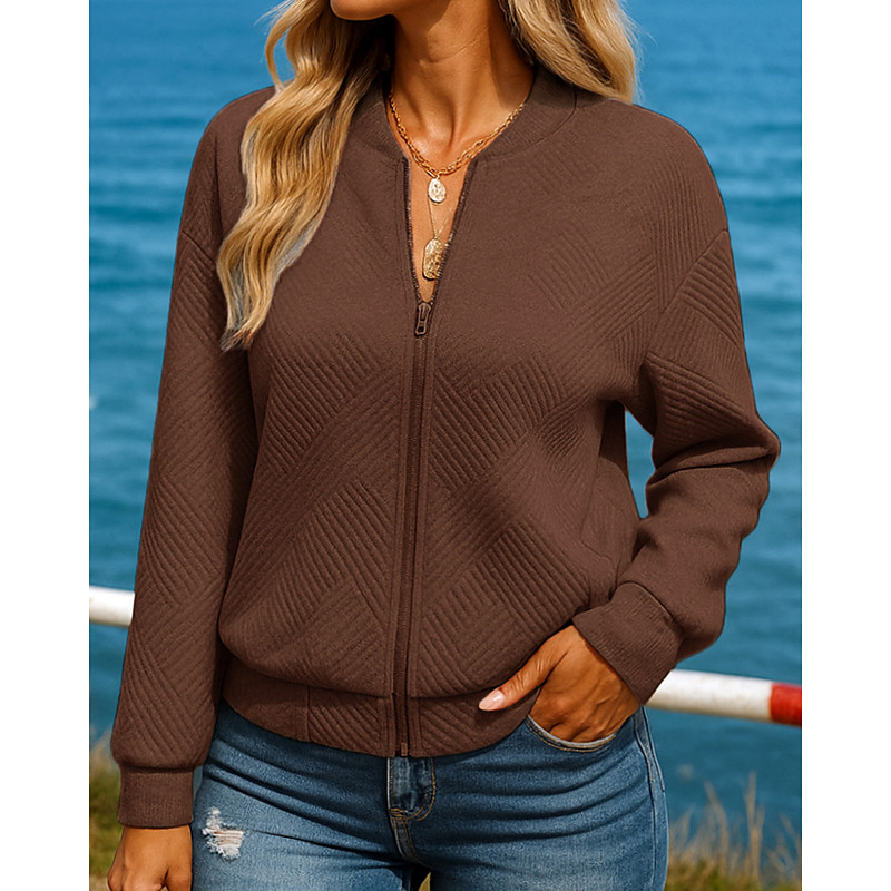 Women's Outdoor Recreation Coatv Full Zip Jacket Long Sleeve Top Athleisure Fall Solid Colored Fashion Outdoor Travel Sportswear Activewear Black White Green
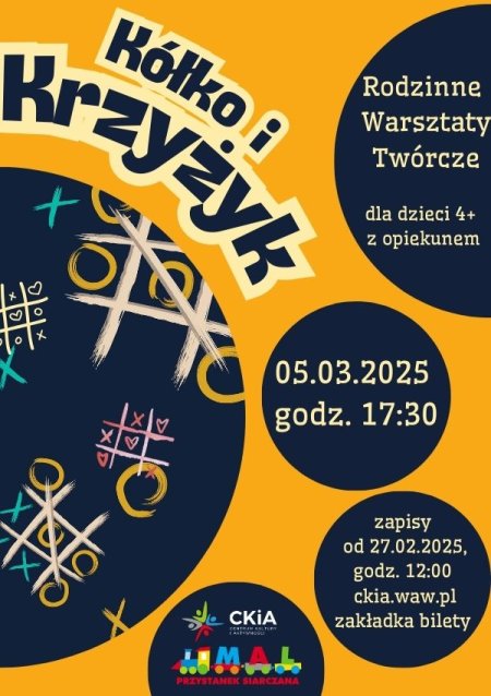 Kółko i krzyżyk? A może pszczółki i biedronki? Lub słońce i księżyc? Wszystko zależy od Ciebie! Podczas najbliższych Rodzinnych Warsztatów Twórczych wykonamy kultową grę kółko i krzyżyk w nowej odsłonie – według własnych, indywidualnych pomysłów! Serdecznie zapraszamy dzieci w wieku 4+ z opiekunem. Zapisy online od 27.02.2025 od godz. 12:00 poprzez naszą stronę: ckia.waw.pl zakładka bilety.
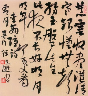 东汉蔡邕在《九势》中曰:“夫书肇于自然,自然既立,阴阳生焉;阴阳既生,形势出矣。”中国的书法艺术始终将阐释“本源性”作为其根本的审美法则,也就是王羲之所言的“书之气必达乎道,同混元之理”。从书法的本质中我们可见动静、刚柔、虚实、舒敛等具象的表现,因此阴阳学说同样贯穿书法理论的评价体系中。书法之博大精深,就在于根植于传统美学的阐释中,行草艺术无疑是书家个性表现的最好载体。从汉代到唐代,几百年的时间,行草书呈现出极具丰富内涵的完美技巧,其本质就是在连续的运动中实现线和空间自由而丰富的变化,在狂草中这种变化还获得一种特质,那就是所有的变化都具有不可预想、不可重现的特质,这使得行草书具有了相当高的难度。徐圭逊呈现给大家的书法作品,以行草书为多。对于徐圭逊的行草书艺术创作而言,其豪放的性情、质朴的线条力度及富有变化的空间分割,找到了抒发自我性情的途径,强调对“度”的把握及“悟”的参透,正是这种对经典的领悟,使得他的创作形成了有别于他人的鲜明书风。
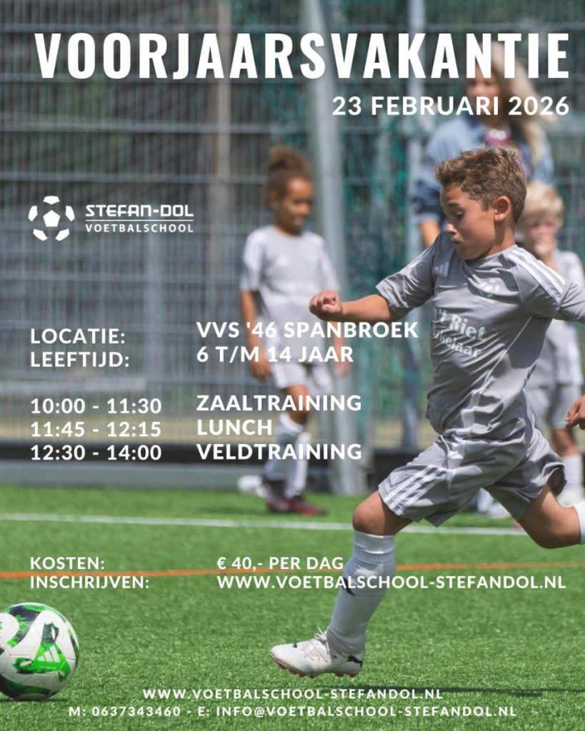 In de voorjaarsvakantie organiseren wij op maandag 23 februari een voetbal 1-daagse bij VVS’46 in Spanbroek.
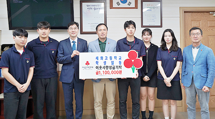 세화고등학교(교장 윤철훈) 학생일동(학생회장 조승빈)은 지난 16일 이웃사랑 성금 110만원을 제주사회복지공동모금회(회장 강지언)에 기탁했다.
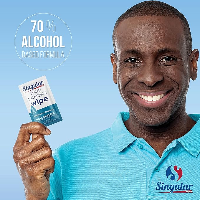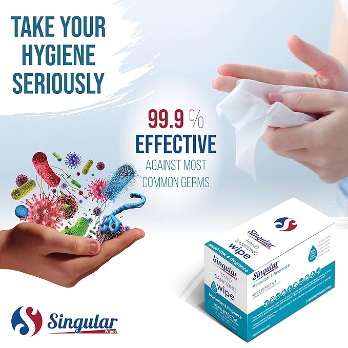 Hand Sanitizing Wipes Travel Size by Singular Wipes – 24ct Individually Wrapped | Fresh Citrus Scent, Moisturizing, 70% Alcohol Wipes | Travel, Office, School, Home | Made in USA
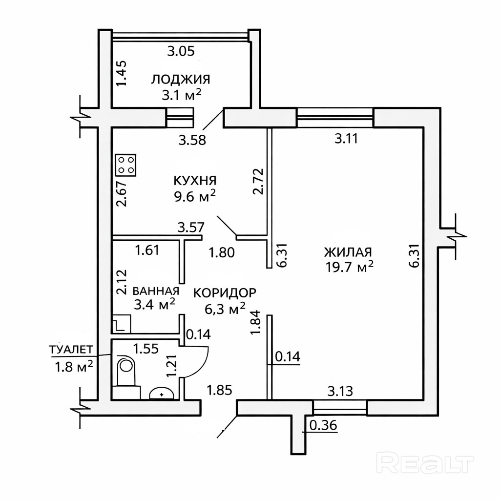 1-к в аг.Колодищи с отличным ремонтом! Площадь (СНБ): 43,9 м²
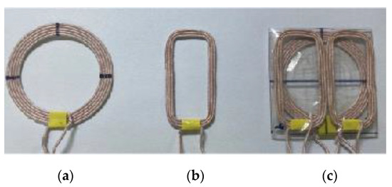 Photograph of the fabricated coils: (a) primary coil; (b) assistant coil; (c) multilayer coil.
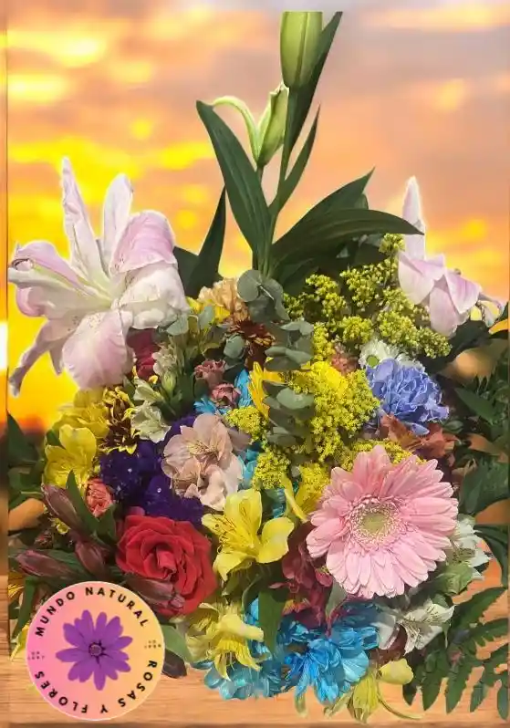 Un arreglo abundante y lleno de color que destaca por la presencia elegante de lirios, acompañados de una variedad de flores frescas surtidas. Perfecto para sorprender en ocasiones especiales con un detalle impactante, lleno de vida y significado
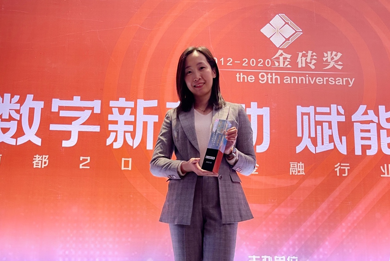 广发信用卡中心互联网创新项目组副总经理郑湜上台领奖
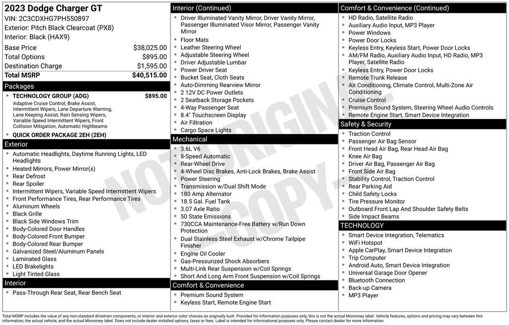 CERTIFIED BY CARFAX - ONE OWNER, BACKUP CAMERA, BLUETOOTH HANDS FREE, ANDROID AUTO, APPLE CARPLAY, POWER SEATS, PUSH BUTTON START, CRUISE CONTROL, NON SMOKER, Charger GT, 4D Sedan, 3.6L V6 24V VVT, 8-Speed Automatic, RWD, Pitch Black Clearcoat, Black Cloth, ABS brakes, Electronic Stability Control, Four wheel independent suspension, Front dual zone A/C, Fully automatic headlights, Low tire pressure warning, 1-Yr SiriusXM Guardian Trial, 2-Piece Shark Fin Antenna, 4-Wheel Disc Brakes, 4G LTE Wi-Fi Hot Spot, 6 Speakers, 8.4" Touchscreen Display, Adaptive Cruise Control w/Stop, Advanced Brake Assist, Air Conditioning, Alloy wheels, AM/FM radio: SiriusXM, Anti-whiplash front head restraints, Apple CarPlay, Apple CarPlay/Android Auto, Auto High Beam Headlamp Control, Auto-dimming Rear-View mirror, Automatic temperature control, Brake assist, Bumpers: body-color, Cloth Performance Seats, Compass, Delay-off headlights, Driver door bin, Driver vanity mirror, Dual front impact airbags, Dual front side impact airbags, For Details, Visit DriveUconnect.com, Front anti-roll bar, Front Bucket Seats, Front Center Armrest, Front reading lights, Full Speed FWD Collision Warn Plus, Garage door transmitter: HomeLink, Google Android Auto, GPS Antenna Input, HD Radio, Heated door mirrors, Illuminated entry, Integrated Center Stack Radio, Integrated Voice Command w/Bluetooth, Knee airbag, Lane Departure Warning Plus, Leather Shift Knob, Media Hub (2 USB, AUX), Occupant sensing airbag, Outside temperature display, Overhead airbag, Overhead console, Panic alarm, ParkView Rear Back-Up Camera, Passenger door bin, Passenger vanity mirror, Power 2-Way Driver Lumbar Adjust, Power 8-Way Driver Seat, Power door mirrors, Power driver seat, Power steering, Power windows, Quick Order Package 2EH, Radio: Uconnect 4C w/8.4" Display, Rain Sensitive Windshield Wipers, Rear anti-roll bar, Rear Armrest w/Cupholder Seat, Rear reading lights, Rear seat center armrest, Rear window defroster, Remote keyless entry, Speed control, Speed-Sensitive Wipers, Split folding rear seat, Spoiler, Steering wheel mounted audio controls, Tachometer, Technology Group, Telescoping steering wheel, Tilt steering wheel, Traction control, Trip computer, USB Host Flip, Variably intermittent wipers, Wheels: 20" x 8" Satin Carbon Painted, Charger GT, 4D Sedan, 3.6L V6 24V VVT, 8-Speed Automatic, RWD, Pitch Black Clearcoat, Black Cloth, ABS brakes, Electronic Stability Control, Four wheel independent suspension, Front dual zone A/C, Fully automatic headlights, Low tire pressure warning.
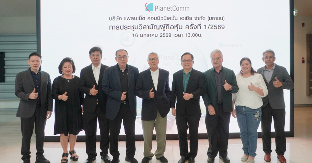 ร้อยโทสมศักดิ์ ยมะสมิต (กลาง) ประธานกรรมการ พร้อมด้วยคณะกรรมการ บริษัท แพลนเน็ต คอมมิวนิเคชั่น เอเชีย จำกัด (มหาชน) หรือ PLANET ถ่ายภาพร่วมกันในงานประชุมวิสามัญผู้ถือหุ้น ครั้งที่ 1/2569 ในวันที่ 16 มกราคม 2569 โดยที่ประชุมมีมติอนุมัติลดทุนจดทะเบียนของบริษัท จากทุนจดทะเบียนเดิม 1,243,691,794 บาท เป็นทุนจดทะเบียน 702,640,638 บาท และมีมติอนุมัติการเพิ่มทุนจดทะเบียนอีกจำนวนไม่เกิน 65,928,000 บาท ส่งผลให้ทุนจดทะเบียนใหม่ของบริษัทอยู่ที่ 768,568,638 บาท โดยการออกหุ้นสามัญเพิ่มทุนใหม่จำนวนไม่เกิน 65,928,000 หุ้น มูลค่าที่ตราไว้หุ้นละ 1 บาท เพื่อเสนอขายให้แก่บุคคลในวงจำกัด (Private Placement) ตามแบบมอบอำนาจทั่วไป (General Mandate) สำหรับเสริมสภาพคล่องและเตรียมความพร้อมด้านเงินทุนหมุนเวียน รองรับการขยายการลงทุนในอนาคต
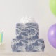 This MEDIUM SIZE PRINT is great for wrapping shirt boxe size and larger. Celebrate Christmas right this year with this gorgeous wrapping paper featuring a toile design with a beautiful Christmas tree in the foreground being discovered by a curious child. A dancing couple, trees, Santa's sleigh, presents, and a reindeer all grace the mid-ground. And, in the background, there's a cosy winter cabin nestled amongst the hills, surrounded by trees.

---+---

Leaving the pictures aside, write out the entries above exactly.

 Women's Outdoor Recreation Coatv Full Zip Jacket Long Sleeve Top Athleisure Fall Solid Colored Fashion Outdoor Travel Sportswear Activewear Black White Green
 Kółko i krzyżyk? A może pszczółki i biedronki? Lub słońce i księżyc? Wszystko zależy od Ciebie! Podczas najbliższych Rodzinnych Warsztatów Twórczych wykonamy kultową grę kółko i krzyżyk w nowej odsłonie – według własnych, indywidualnych pomysłów! Serdecznie zapraszamy dzieci w wieku 4+ z opiekunem. Zapisy online od 27.02.2025 od godz. 12:00 poprzez naszą stronę: ckia.waw.pl zakładka bilety.
 东汉蔡邕在《九势》中曰:“夫书肇于自然,自然既立,阴阳生焉;阴阳既生,形势出矣。”中国的书法艺术始终将阐释“本源性”作为其根本的审美法则,也就是王羲之所言的“书之气必达乎道,同混元之理”。从书法的本质中我们可见动静、刚柔、虚实、舒敛等具象的表现,因此阴阳学说同样贯穿书法理论的评价体系中。书法之博大精深,就在于根植于传统美学的阐释中,行草艺术无疑是书家个性表现的最好载体。从汉代到唐代,几百年的时间,行草书呈现出极具丰富内涵的完美技巧,其本质就是在连续的运动中实现线和空间自由而丰富的变化,在狂草中这种变化还获得一种特质,那就是所有的变化都具有不可预想、不可重现的特质,这使得行草书具有了相当高的难度。徐圭逊呈现给大家的书法作品,以行草书为多。对于徐圭逊的行草书艺术创作而言,其豪放的性情、质朴的线条力度及富有变化的空间分割,找到了抒发自我性情的途径,强调对“度”的把握及“悟”的参透,正是这种对经典的领悟,使得他的创作形成了有别于他人的鲜明书风。
 In de voorjaarsvakantie organiseren wij op maandag 23 februari een voetbal 1-daagse bij VVS’46 in Spanbroek.
 세화고등학교(교장 윤철훈) 학생일동(학생회장 조승빈)은 지난 16일 이웃사랑 성금 110만원을 제주사회복지공동모금회(회장 강지언)에 기탁했다.
 Hand Sanitizing Wipes Travel Size by Singular Wipes – 24ct Individually Wrapped | Fresh Citrus Scent, Moisturizing, 70% Alcohol Wipes | Travel, Office, School, Home | Made in USA
 1-к в аг.Колодищи с отличным ремонтом! Площадь (СНБ): 43,9 м²
 Photograph of the fabricated coils: (a) primary coil; (b) assistant coil; (c) multilayer coil.
 Un arreglo abundante y lleno de color que destaca por la presencia elegante de lirios, acompañados de una variedad de flores frescas surtidas. Perfecto para sorprender en ocasiones especiales con un detalle impactante, lleno de vida y significado
 广发信用卡中心互联网创新项目组副总经理郑湜上台领奖
 CERTIFIED BY CARFAX - ONE OWNER, BACKUP CAMERA, BLUETOOTH HANDS FREE, ANDROID AUTO, APPLE CARPLAY, POWER SEATS, PUSH BUTTON START, CRUISE CONTROL, NON SMOKER, Charger GT, 4D Sedan, 3.6L V6 24V VVT, 8-Speed Automatic, RWD, Pitch Black Clearcoat, Black Cloth, ABS brakes, Electronic Stability Control, Four wheel independent suspension, Front dual zone A/C, Fully automatic headlights, Low tire pressure warning, 1-Yr SiriusXM Guardian Trial, 2-Piece Shark Fin Antenna, 4-Wheel Disc Brakes, 4G LTE Wi-Fi Hot Spot, 6 Speakers, 8.4" Touchscreen Display, Adaptive Cruise Control w/Stop, Advanced Brake Assist, Air Conditioning, Alloy wheels, AM/FM radio: SiriusXM, Anti-whiplash front head restraints, Apple CarPlay, Apple CarPlay/Android Auto, Auto High Beam Headlamp Control, Auto-dimming Rear-View mirror, Automatic temperature control, Brake assist, Bumpers: body-color, Cloth Performance Seats, Compass, Delay-off headlights, Driver door bin, Driver vanity mirror, Dual front impact airbags, Dual front side impact airbags, For Details, Visit DriveUconnect.com, Front anti-roll bar, Front Bucket Seats, Front Center Armrest, Front reading lights, Full Speed FWD Collision Warn Plus, Garage door transmitter: HomeLink, Google Android Auto, GPS Antenna Input, HD Radio, Heated door mirrors, Illuminated entry, Integrated Center Stack Radio, Integrated Voice Command w/Bluetooth, Knee airbag, Lane Departure Warning Plus, Leather Shift Knob, Media Hub (2 USB, AUX), Occupant sensing airbag, Outside temperature display, Overhead airbag, Overhead console, Panic alarm, ParkView Rear Back-Up Camera, Passenger door bin, Passenger vanity mirror, Power 2-Way Driver Lumbar Adjust, Power 8-Way Driver Seat, Power door mirrors, Power driver seat, Power steering, Power windows, Quick Order Package 2EH, Radio: Uconnect 4C w/8.4" Display, Rain Sensitive Windshield Wipers, Rear anti-roll bar, Rear Armrest w/Cupholder Seat, Rear reading lights, Rear seat center armrest, Rear window defroster, Remote keyless entry, Speed control, Speed-Sensitive Wipers, Split folding rear seat, Spoiler, Steering wheel mounted audio controls, Tachometer, Technology Group, Telescoping steering wheel, Tilt steering wheel, Traction control, Trip computer, USB Host Flip, Variably intermittent wipers, Wheels: 20" x 8" Satin Carbon Painted, Charger GT, 4D Sedan, 3.6L V6 24V VVT, 8-Speed Automatic, RWD, Pitch Black Clearcoat, Black Cloth, ABS brakes, Electronic Stability Control, Four wheel independent suspension, Front dual zone A/C, Fully automatic headlights, Low tire pressure warning.
 ร้อยโทสมศักดิ์ ยมะสมิต (กลาง) ประธานกรรมการ พร้อมด้วยคณะกรรมการ บริษัท แพลนเน็ต คอมมิวนิเคชั่น เอเชีย จำกัด (มหาชน) หรือ PLANET ถ่ายภาพร่วมกันในงานประชุมวิสามัญผู้ถือหุ้น ครั้งที่ 1/2569 ในวันที่ 16 มกราคม 2569 โดยที่ประชุมมีมติอนุมัติลดทุนจดทะเบียนของบริษัท จากทุนจดทะเบียนเดิม 1,243,691,794 บาท เป็นทุนจดทะเบียน 702,640,638 บาท และมีมติอนุมัติการเพิ่มทุนจดทะเบียนอีกจำนวนไม่เกิน 65,928,000 บาท ส่งผลให้ทุนจดทะเบียนใหม่ของบริษัทอยู่ที่ 768,568,638 บาท โดยการออกหุ้นสามัญเพิ่มทุนใหม่จำนวนไม่เกิน 65,928,000 หุ้น มูลค่าที่ตราไว้หุ้นละ 1 บาท เพื่อเสนอขายให้แก่บุคคลในวงจำกัด (Private Placement) ตามแบบมอบอำนาจทั่วไป (General Mandate) สำหรับเสริมสภาพคล่องและเตรียมความพร้อมด้านเงินทุนหมุนเวียน รองรับการขยายการลงทุนในอนาคต
 This MEDIUM SIZE PRINT is great for wrapping shirt boxe size and larger. Celebrate Christmas right this year with this gorgeous wrapping paper featuring a toile design with a beautiful Christmas tree in the foreground being discovered by a curious child. A dancing couple, trees, Santa's sleigh, presents, and a reindeer all grace the mid-ground. And, in the background, there's a cosy winter cabin nestled amongst the hills, surrounded by trees.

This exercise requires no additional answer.